The United States Army Corps of Engineers’ Montgomery Locks and Dam is one of the giant honking pieces of infrastructure an inquisitive wanderer might encounter in Pennsylvania’s Beaver County, while scuttling along the Ohio River. This isn’t too far from the currently undefended border of the states of Ohio and Pennsylvania, where the now infamous East Palestine locomotive derailment occurred. Up the Ohio towards Pittsburgh, you’ve got the Shell Cracker Plant mentioned on Monday and just down the river, there’s a nuclear power plant.

USACE has a page at their site which describes their operations on the Ohio in this region, which can be accessed here. To summarize – this monster dam and gate system was built between 1932 and 1936, and it replaced three earlier (late 19th century) wooden locks and dams.

– photo by Mitch Waxman

The mechanics of what this facility does involves mechanical lift gates and spillways which regulate the amount of river flowing through them. This outfit works in concert with other lock and dam installations to allow the Corps to maintain the “Pittsburgh Pool” and other navigational areas, but it isn’t intended to control the flooding issues which had previously bedeviled the region. A lot of Federal cash went into not having anything like the disastrous St. Patrick’s Day flood of 1936 happen again, but there’s a completely different set of infrastructure prophylactics in place for that sort of work. This is one of the many things that I’m reading up on at the moment.

See? I’ve learned, and am learning, new things since moving here.

– photo by Mitch Waxman

On the opposite shore, USACE has two lock systems, one for large ships and commercial vessels and another for smaller private or pleasure craft ones. The commercial lock is 600 feet long by 110 wide, and the secondary is 360 feet long by 56 feet wide. It’s costs about $6 million a year to keep this machine running, or so I’m informed.

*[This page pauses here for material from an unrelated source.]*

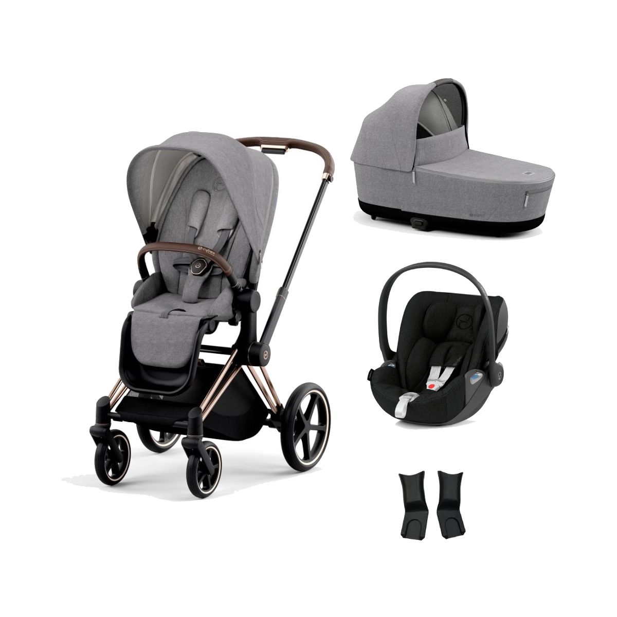 PACKAGE INCLUDES: Cybex Priam Rose Gold Stroller Frame Cybex Priam Seat Pack Cybex Lux Carrycot Cybex Cloud Z i-Size Group 0+ Car Seat Cybex Cloud Z Car Seat Adaptors Cybex Priam Seat Raincover Cybex Lux Carrycot Raincover CYBEX PRIAM PUSHCHAIR The CYBEX PRIAM Pushchair offers a one hand fold, height adjustable handlebar, light frame, bumper bar, all wheel suspension and more. This is a stylish and practical pushchair, it includes features that parents will adore and a smooth and comfy ride for your little one. Whether forward-facing or parent-facing, the PRIAM Lux Seat can be easily adjusted tot he desired position in just a few simple steps. The PRIAM is easy to fold using just one hand. Its seat unit folds away with the frame into a compact, flat package. Even as a free-standing unit, the new PRIAM can be discreetly stowed away ? in a restaurant, on public transport and at home. Thanks to its simple handling, the PRIAM Lux Seat adjusts to a comfortable lie-flat position with just one hand ? transforming the stroller into a comfortable, cosy bed when you´re on the go. The PRIAM’s extendable XXL sun canopy provides UPF50+ sun protection and also effectively protects against wind and weather. All wheel suspension: The new all-wheel suspension of the PRIAM ensures a soft, quiet and comfortable ride for parents and child. Features: Use from birth to 17kgs (approx 4 years) Light aluminium frame Flat ergonomic lying position Bumper bar is made from a leather look material – can be opened at either side and rotated Extendable XXL sun canopy with UPF50+ and mesh insert for air circulation Reversible seat unit All wheel suspension One hand folding One hand recline Extra large shopping basket – takes up to 5kg Dimensions: Chassis weight: 12. 6kg Measurements when folded: L950 x W600 x H400mm CYBEX LUX CARRYCOT: The New Generation Priam Lux Carry Cot attachments for the New Generation Priam / e-Priam enable sophisticated and comfortable family travel. The spacious unit boasts
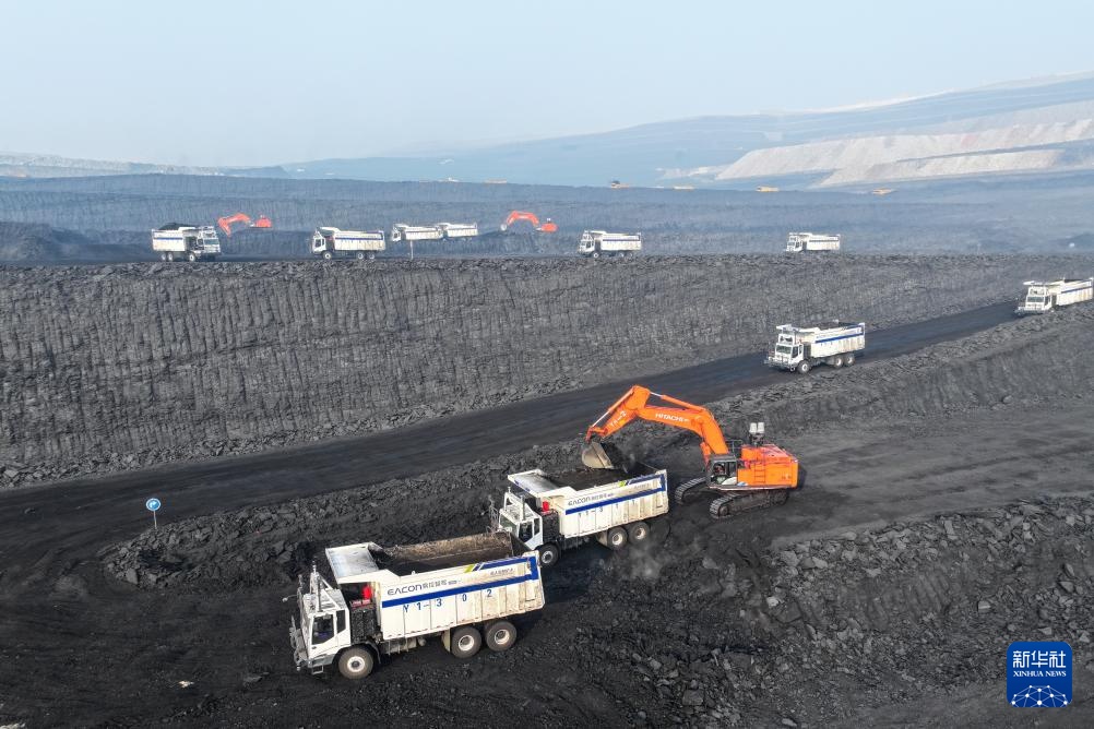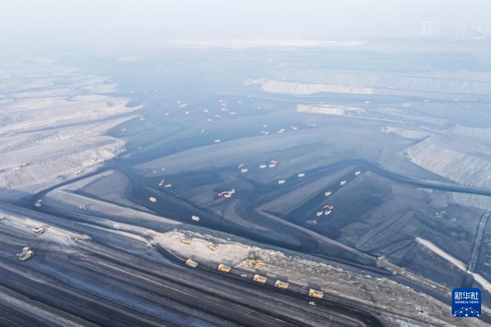 在新疆准东经济技术开发区内的新疆宜化矿业有限公司五彩湾矿区一号露天煤矿,无人驾驶矿卡进行煤炭装载作业(1月20日摄,无人机照片)。

The Ohio River is just under 1,000 miles long. It starts in Pittsburgh and eventually intersects with the Mississippi River at the southern tip of the State of Illinois. A river of cities, industry, and commerce – and a de facto extension of the Mason Dixon line between north and south – the westward flowing Ohio is also considered to be the most polluted waterway in the United States over the course of its length. It actually edges out Newtown Creek on pollution, but unlike my beloved creek, the Ohio is a source of drinking water for many of the communities found on its banks – parts of Pittsburgh, or West Virginia’s Wheeling for instance. The Ohio is thought to be the sixth oldest river in North America, and several civilizations have depended upon the ancestral waterway for its riches, including our own.

– photo by Mitch Waxman

Having followed the aforementioned group of fishermen whom I had noticed leaving a pickup for a trail towards the water, one soon found himself staring into the lift gates and spillways at the heart of the operation. I had prepared for my afternoon with a “full pack” camera bag and I had all of my toys and tools with me. These are all tripod shots with the lens wearing a 10 stop ND filter to slow down the scene and mellow out the visual distraction of water ripples and that sort of thing. Generally speaking, it was pretty bright out and these are 8-10 second captures.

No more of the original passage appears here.